Data entries -

****************

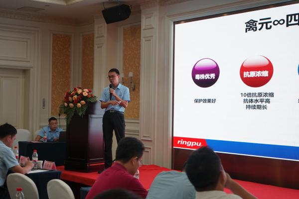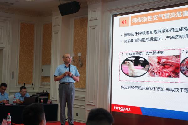 瑞普生物產(chǎn)品線副總裁尤永君做“家禽常見疫病的流行動(dòng)態(tài)及防控策略”主題報(bào)告。尤總對(duì)當(dāng)前危害家禽業(yè)比較重大的疾病如傳染性支氣管炎、傳染性鼻炎、傳染性貧血、支原體、禽流感等進(jìn)行了詳細(xì)的介紹,并有針對(duì)性的提出了防控建議,對(duì)大家科學(xué)養(yǎng)殖提供了參考。
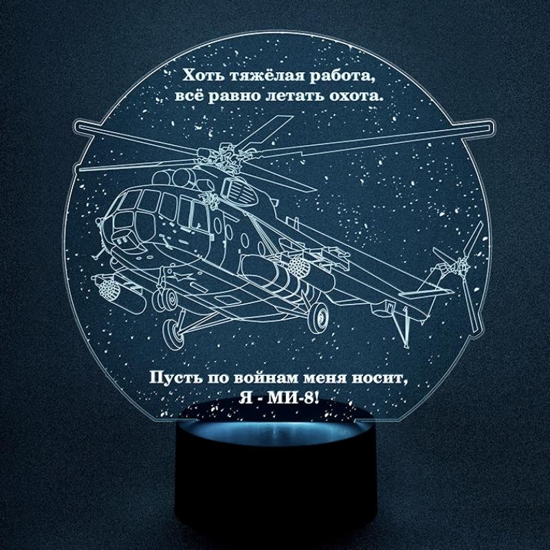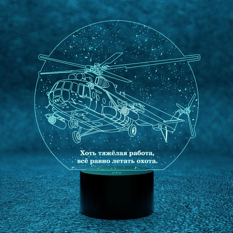 Купить 3D светильник Вертолет с вашим текстом в интернет-магазине в Уфе
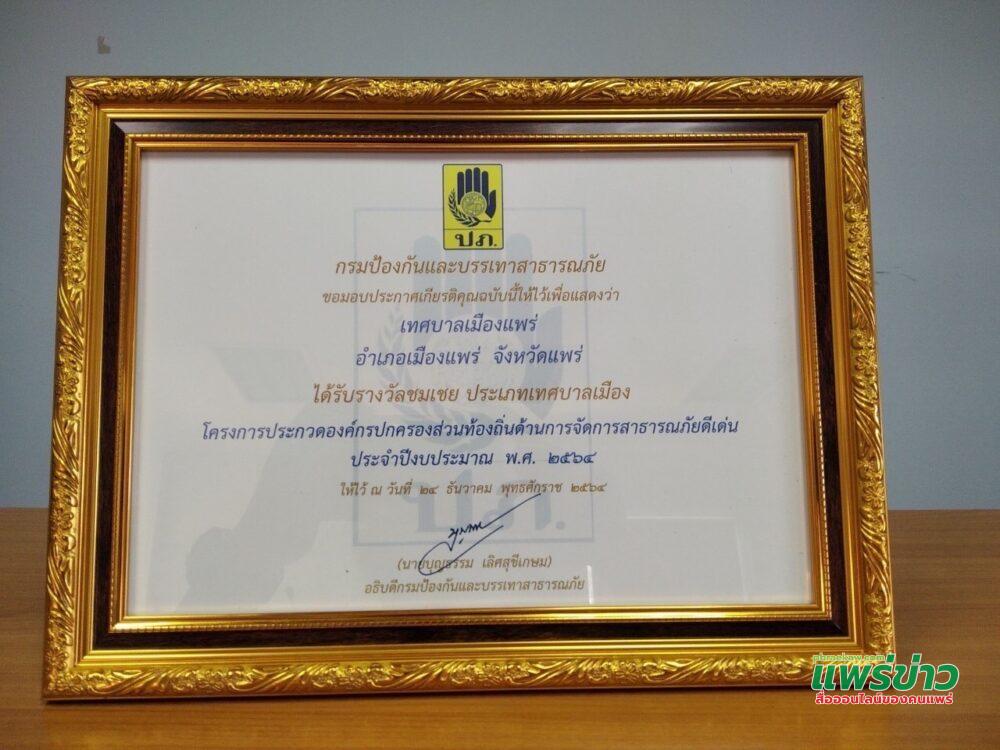 ผู้สื่อข่าวรายงานว่าเมื่อวันที่ 29 ธันวาคม 2564 ได้รับการเปิดเผยจาก นายโชคชัย พนมขวัญ นายกเทศมนตรีเมืองแพร่ว่าตามที่กรมป้องกันและบรรเทาสาธารณภัยได้จัดประกวดองค์กรปกครองส่วนท้องถิ่น ด้านการจัดการสาธารณภัยดีเด่น ประจำปี 2564
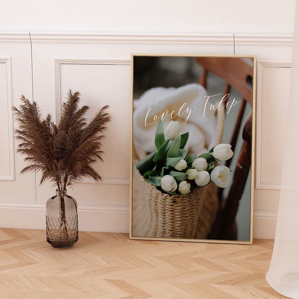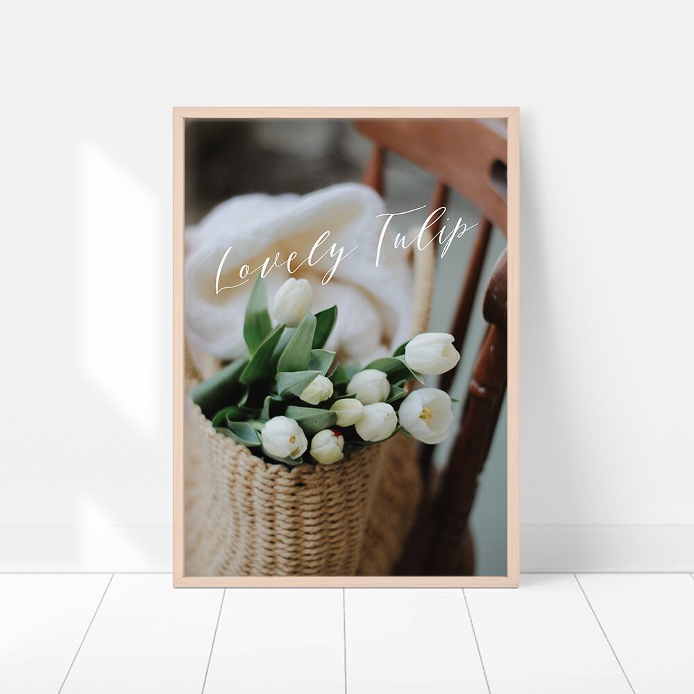 春にぴったりなチューリップのフォトポスターです。ピンク、パープル、オレンジ、白など色とりどりの種類をご用意いたしました。英字を入れて、おしゃれな雰囲気にしてみました。
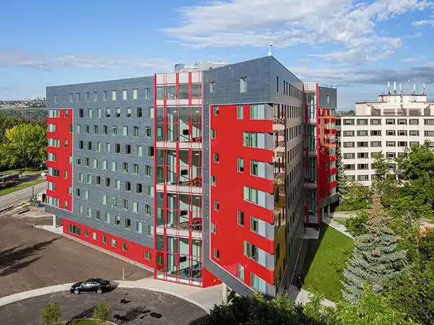 These two new residences on the University of Calgary campus were built using the Design-Build method. Aurora Hall is constructed in a triangular and pinwheel configuration. This nine story structure provides the campus with 268 beds. Crowsnest Hall features to towers, one 7 stories and the other 11 stories joined by a common main floor. This structure offers an addtitional 390 beds to student housing on campus. Both buildings feature shared lounges, social and study spaces.
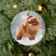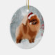 Denna gulliga julprydnad presenterar en förtjusande Santa hatt Clad Pomeranian på båda sidor.
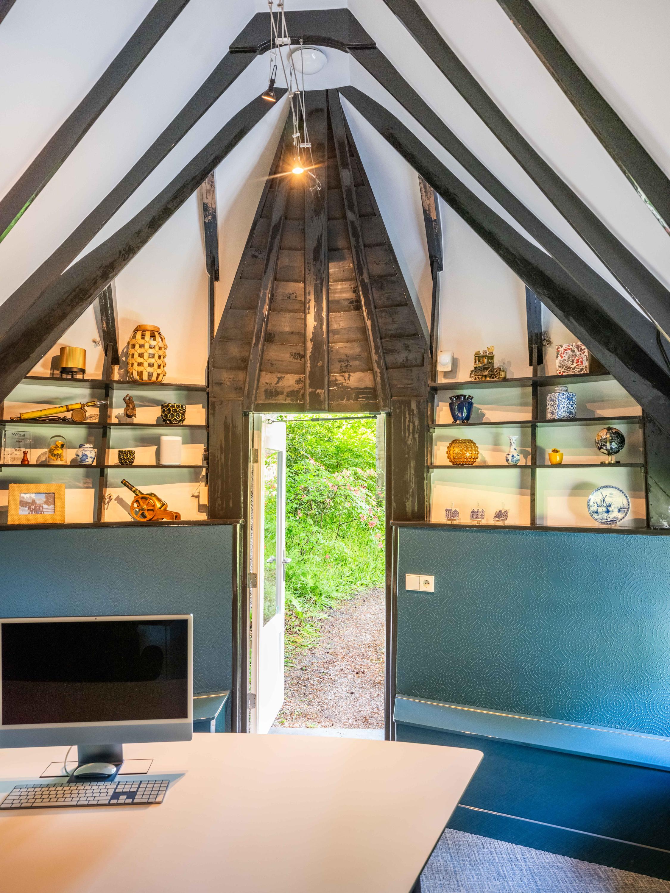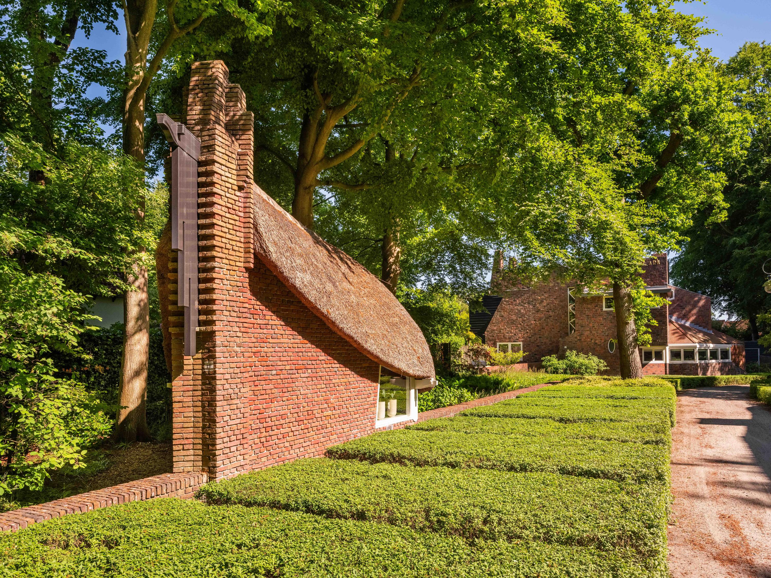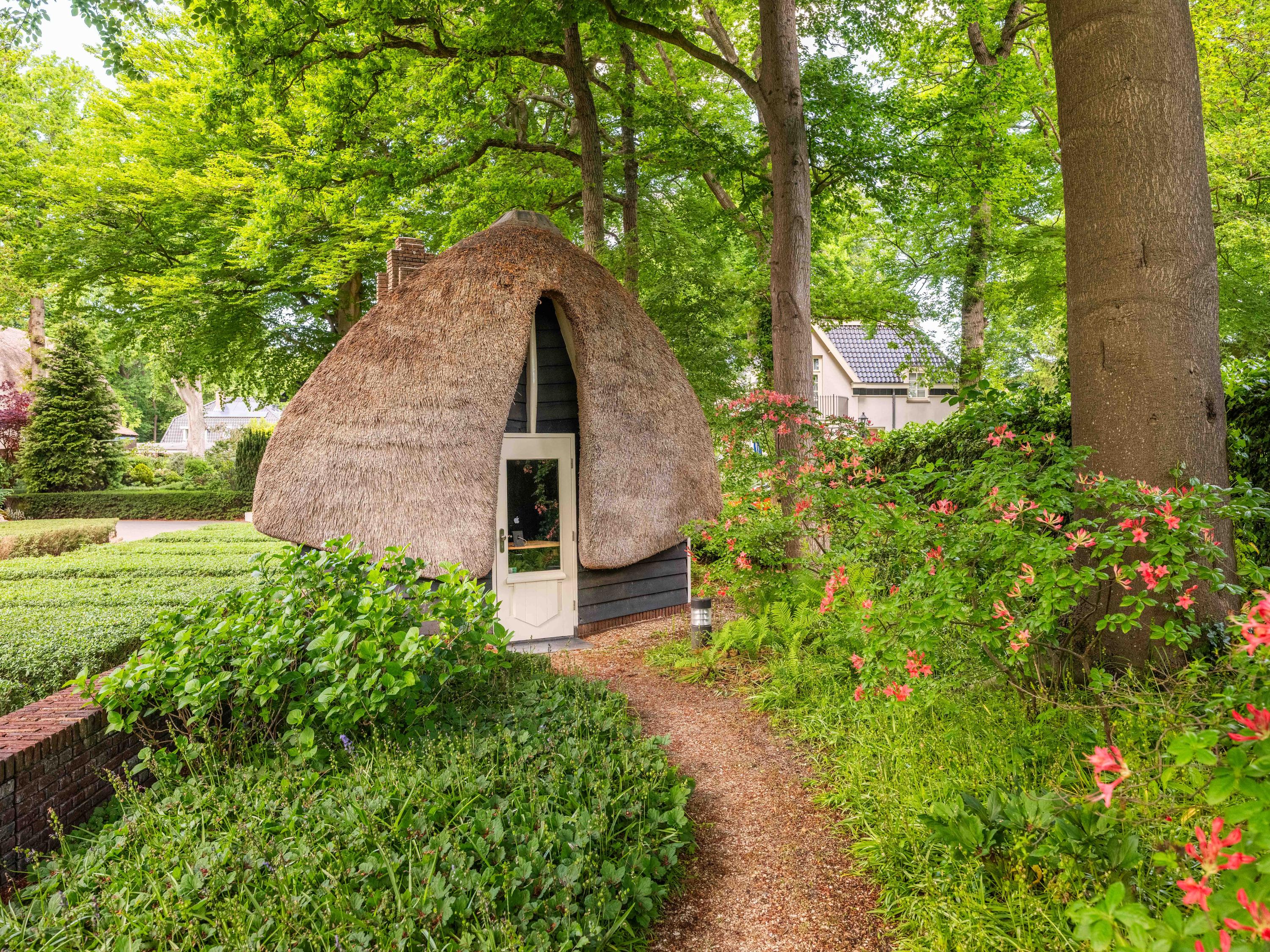 The icing on the cake is the ‘entrance’ cottage, located at the front of the plot, between the privet hedges. This characteristic building with a thatched roof evokes the image of a ‘sloop moored to the Ark’. A delightful workplace with authentic Amsterdam School elements.

****************

Work item - Since the pictures are not part of the copy, please transcribe only the lines above from the one with "Купить 3D светильник" through the one with "Denna gulliga julprydnad", exactly and with both ends.

Exercise result -
 Купить 3D светильник Вертолет с вашим текстом в интернет-магазине в Уфе
 ผู้สื่อข่าวรายงานว่าเมื่อวันที่ 29 ธันวาคม 2564 ได้รับการเปิดเผยจาก นายโชคชัย พนมขวัญ นายกเทศมนตรีเมืองแพร่ว่าตามที่กรมป้องกันและบรรเทาสาธารณภัยได้จัดประกวดองค์กรปกครองส่วนท้องถิ่น ด้านการจัดการสาธารณภัยดีเด่น ประจำปี 2564
 春にぴったりなチューリップのフォトポスターです。ピンク、パープル、オレンジ、白など色とりどりの種類をご用意いたしました。英字を入れて、おしゃれな雰囲気にしてみました。
 These two new residences on the University of Calgary campus were built using the Design-Build method. Aurora Hall is constructed in a triangular and pinwheel configuration. This nine story structure provides the campus with 268 beds. Crowsnest Hall features to towers, one 7 stories and the other 11 stories joined by a common main floor. This structure offers an addtitional 390 beds to student housing on campus. Both buildings feature shared lounges, social and study spaces.
 Denna gulliga julprydnad presenterar en förtjusande Santa hatt Clad Pomeranian på båda sidor.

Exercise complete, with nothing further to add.